TASK REQUIREMENTS
Repeat exactly, and only, the lines from the line bearing "搜狐公众号极光注意到,多名微" through the end of the material. Do not copy the pictures.

GIVEN DATA
"""

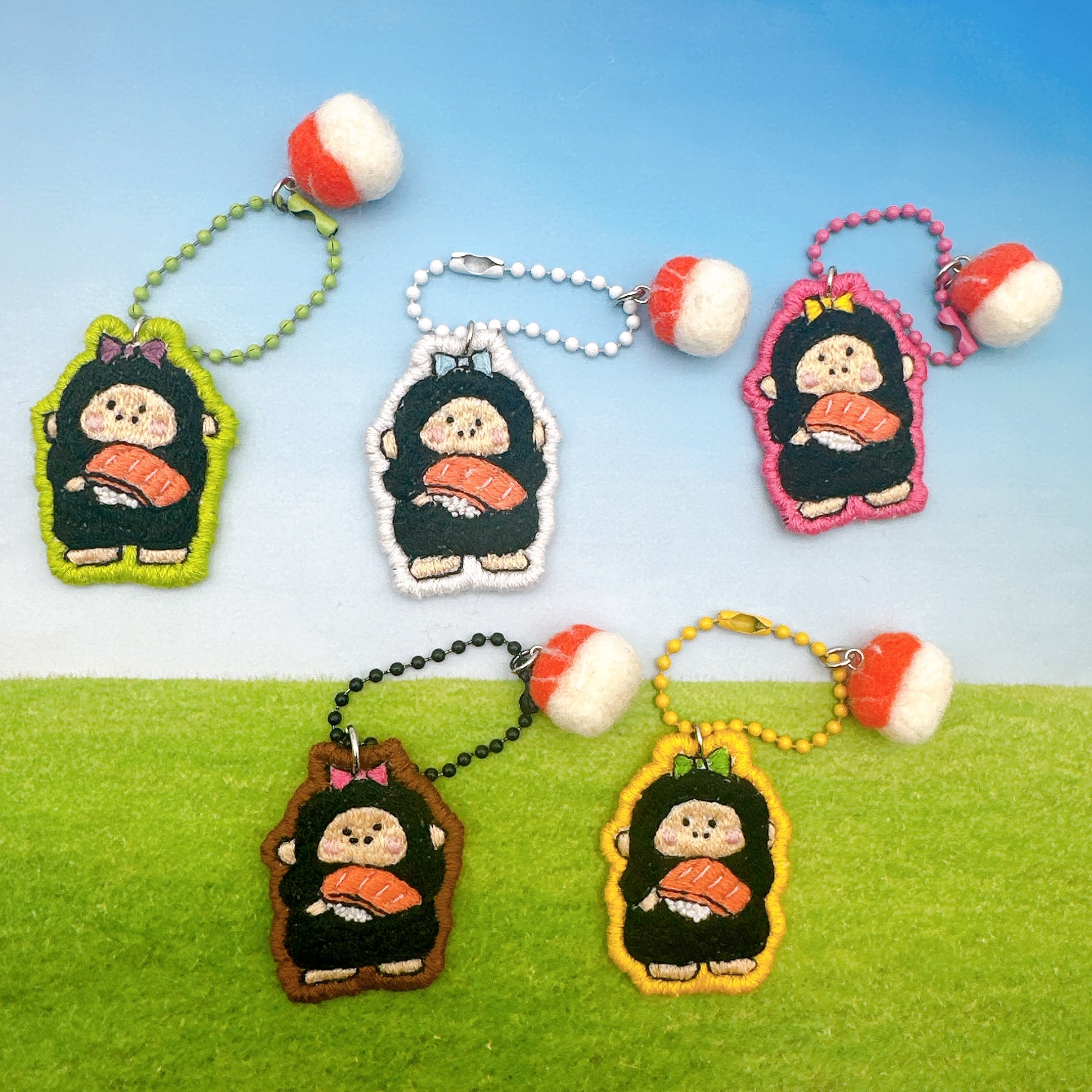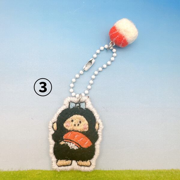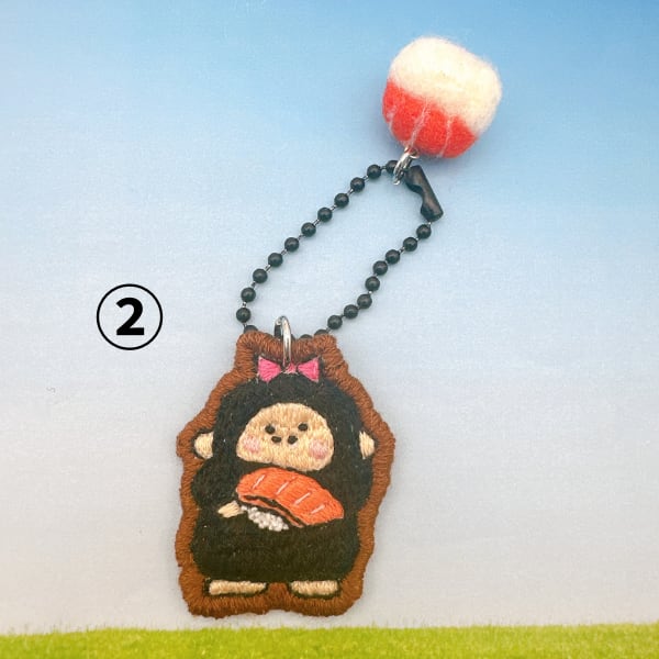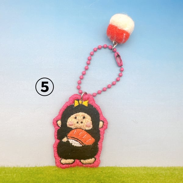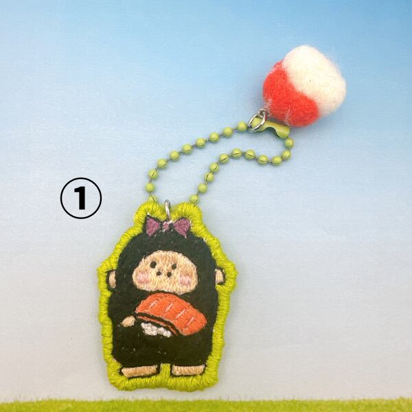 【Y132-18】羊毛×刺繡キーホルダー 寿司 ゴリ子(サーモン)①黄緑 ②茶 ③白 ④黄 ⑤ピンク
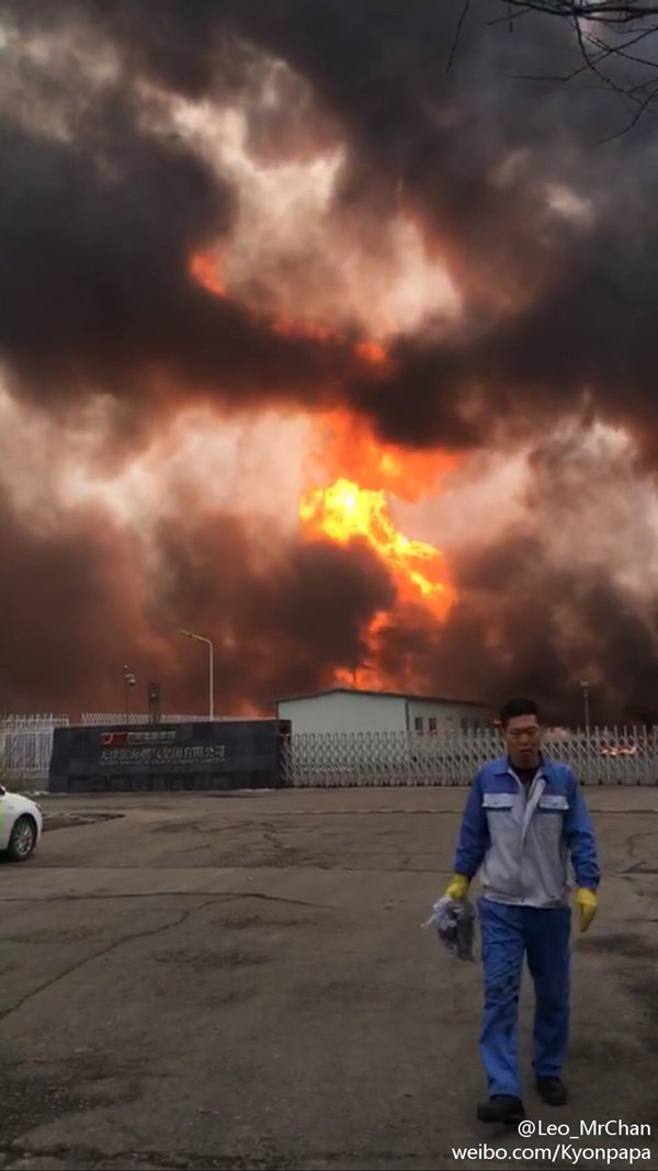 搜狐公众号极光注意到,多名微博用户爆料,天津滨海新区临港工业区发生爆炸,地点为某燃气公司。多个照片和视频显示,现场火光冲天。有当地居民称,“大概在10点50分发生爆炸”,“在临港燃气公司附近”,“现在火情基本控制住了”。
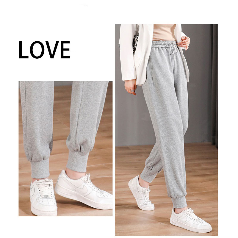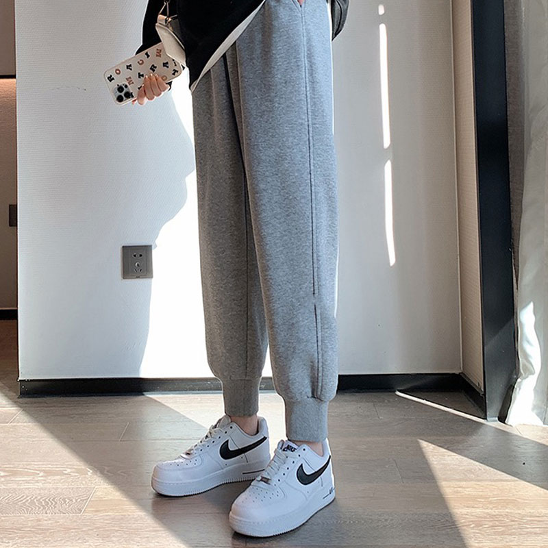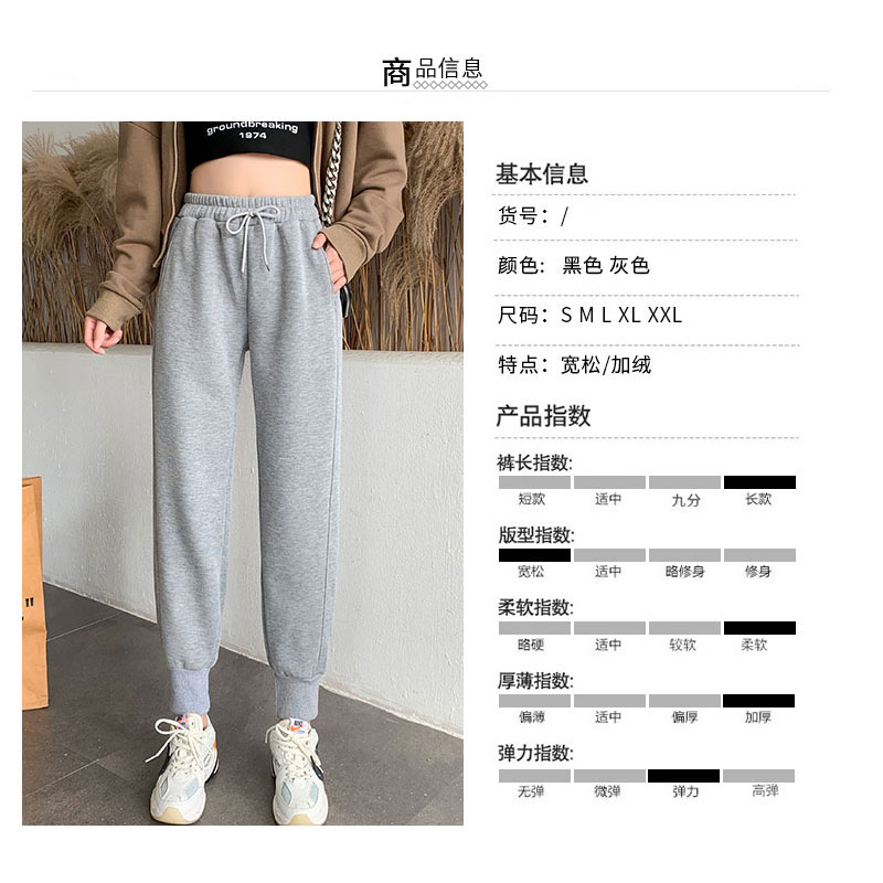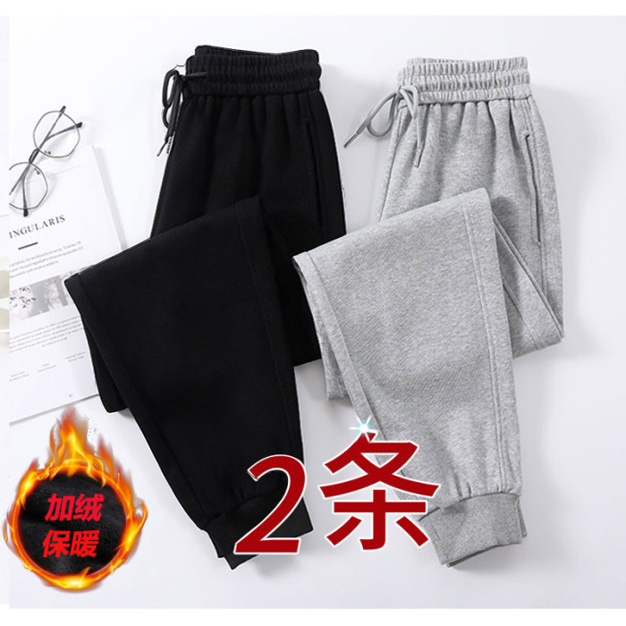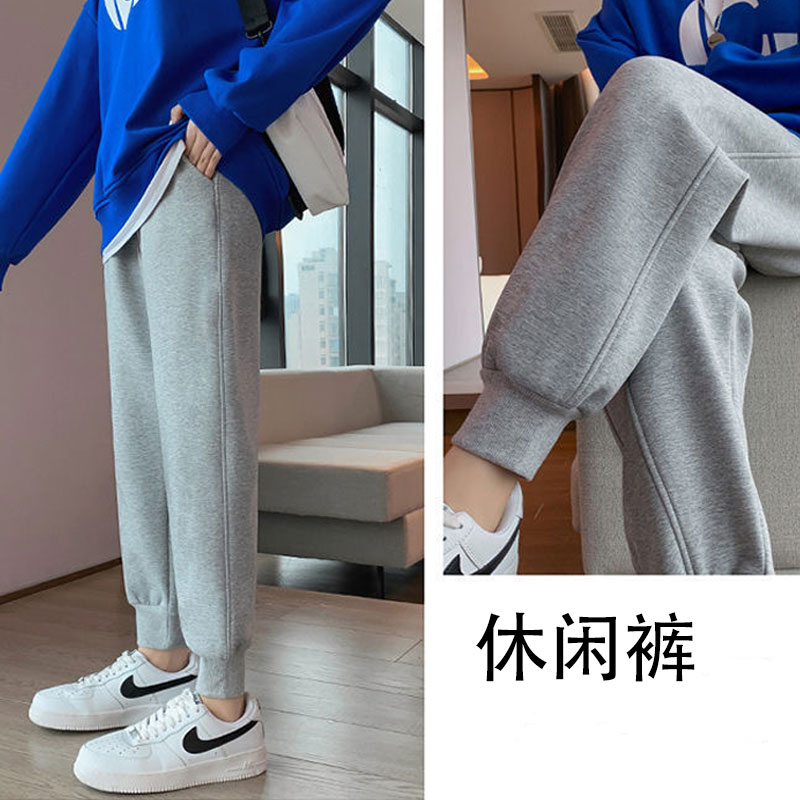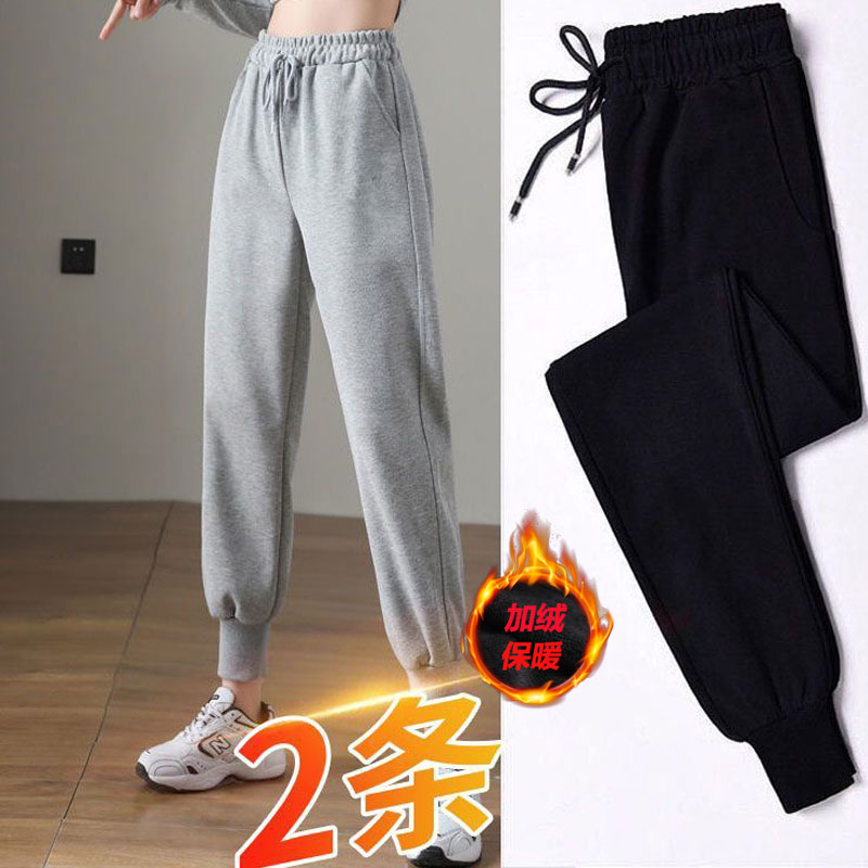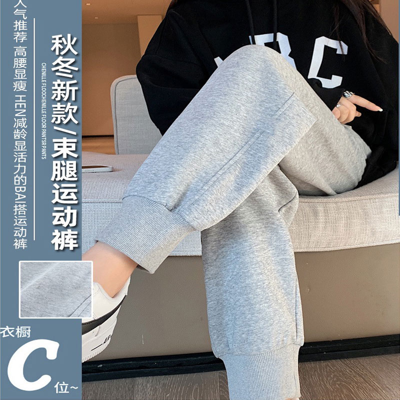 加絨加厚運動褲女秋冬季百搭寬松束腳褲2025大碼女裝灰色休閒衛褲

"""

ANSWER FOR THIS EXERCISE
 搜狐公众号极光注意到,多名微博用户爆料,天津滨海新区临港工业区发生爆炸,地点为某燃气公司。多个照片和视频显示,现场火光冲天。有当地居民称,“大概在10点50分发生爆炸”,“在临港燃气公司附近”,“现在火情基本控制住了”。
 加絨加厚運動褲女秋冬季百搭寬松束腳褲2025大碼女裝灰色休閒衛褲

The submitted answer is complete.